> Task prompt
Which lines of the entries below run from the one holding "36.BELGIA, LEOPOLD II, 50 CENTIMOW 1901 DER" to the one holding "AI notes: On", inclusive? Set down exactly those lines and no others.

> Given records

........

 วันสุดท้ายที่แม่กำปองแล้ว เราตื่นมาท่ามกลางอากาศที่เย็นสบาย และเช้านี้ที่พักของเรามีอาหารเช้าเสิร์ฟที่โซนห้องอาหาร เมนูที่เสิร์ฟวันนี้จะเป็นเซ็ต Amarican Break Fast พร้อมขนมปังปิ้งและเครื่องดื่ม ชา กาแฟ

........

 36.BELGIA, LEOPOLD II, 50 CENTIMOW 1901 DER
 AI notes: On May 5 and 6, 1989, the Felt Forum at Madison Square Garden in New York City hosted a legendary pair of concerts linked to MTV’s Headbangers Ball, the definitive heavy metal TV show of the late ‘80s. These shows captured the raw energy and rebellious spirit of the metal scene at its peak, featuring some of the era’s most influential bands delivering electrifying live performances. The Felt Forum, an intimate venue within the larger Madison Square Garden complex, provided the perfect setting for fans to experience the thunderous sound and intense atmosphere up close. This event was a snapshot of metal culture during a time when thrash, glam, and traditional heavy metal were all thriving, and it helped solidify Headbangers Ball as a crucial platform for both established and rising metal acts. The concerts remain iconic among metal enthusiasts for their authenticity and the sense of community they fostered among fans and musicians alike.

........

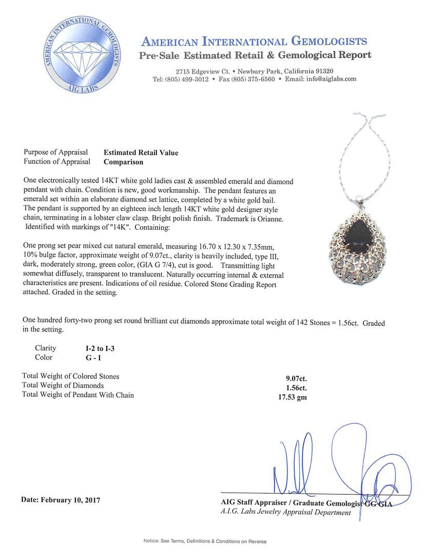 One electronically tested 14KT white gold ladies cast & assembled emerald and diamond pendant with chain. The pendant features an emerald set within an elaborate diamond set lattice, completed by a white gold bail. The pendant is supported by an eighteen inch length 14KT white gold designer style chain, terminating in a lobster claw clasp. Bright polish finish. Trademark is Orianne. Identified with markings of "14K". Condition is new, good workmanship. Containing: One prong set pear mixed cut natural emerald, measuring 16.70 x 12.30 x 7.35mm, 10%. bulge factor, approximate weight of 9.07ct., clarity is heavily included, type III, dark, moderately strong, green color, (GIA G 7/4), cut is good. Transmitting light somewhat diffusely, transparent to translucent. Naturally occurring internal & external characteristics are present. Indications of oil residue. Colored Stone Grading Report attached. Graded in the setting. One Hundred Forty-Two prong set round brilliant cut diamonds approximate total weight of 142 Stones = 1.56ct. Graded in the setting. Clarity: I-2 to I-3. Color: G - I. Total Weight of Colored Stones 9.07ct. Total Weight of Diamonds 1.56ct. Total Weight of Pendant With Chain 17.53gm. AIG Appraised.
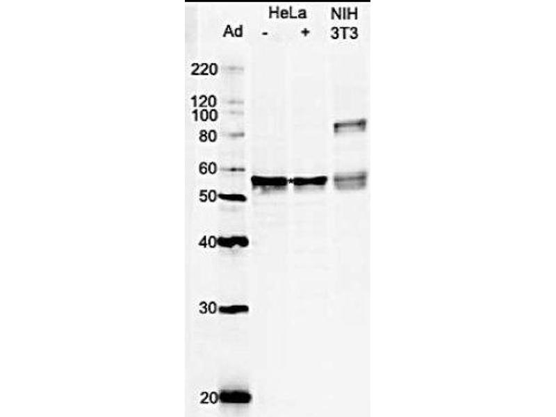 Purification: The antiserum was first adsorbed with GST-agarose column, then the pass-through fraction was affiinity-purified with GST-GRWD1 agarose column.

........

> Solution to this problem
 36.BELGIA, LEOPOLD II, 50 CENTIMOW 1901 DER
 AI notes: On May 5 and 6, 1989, the Felt Forum at Madison Square Garden in New York City hosted a legendary pair of concerts linked to MTV’s Headbangers Ball, the definitive heavy metal TV show of the late ‘80s. These shows captured the raw energy and rebellious spirit of the metal scene at its peak, featuring some of the era’s most influential bands delivering electrifying live performances. The Felt Forum, an intimate venue within the larger Madison Square Garden complex, provided the perfect setting for fans to experience the thunderous sound and intense atmosphere up close. This event was a snapshot of metal culture during a time when thrash, glam, and traditional heavy metal were all thriving, and it helped solidify Headbangers Ball as a crucial platform for both established and rising metal acts. The concerts remain iconic among metal enthusiasts for their authenticity and the sense of community they fostered among fans and musicians alike.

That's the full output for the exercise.